Take the convention of spherical coordinates for mathematics defined here. It's convention that $\phi$ should range at most from $[0,\pi]$ and $\theta$ from $[0,2\pi]$. Suppose I wanted to integrate over the upper unit hemisphere. The conventional way of doing so would be to use the bounds $\theta \in [0, 2\pi], \phi \in [0, \pi/2]$, which yields for the function $\sin\phi$,
$$\int_{0}^{\frac{\pi}{2}}\int_{0}^{2\pi}\sin\phi\ d\theta d\phi = 2\pi$$
Suppose I am a rebel and want to integrate over the same region in a different way. My understanding of the range convention on $\phi$, $[0,\pi]$, is to avoid accidentally counting the same points on a surface twice. I'll attempt to avoid this mistake by only using the range of $\theta$ to be $[-\pi/2, \pi/2]$, and I want $\phi \in [-\pi/2, \pi/2]$.

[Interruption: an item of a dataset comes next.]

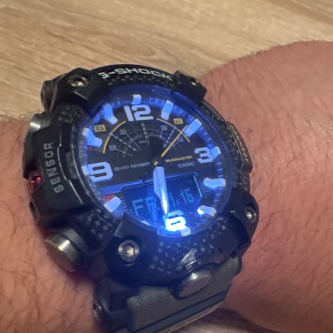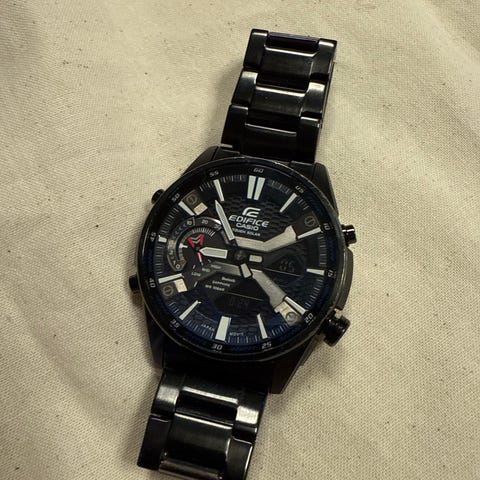 Casio herreklokke med svart rem. Klokken har en rund urskive med flere funksjoner, og en bakside i metall med graveringer. Passer for daglig bruk.

$$\int_{-\frac{\pi}{2}}^{\frac{\pi}{2}}\int_{-\frac{\pi}{2}}^{\frac{\pi}{2}}\sin\phi\ d\theta d\phi = 0$$
Given that the integral over these different bounds (which I think should still yield the upper unit hemisphere) is a different answer, I'm led to believe there must be a better reason for the $\phi$ constraint.
Why do these integrals yield different answers?
The area element on the unit sphere is $|\sin\phi| d\theta d\phi$, not $\sin\phi \, d\theta d\phi$. But you don't have to worry about the absolute value signs if you only use $\phi \in [0,\pi]$.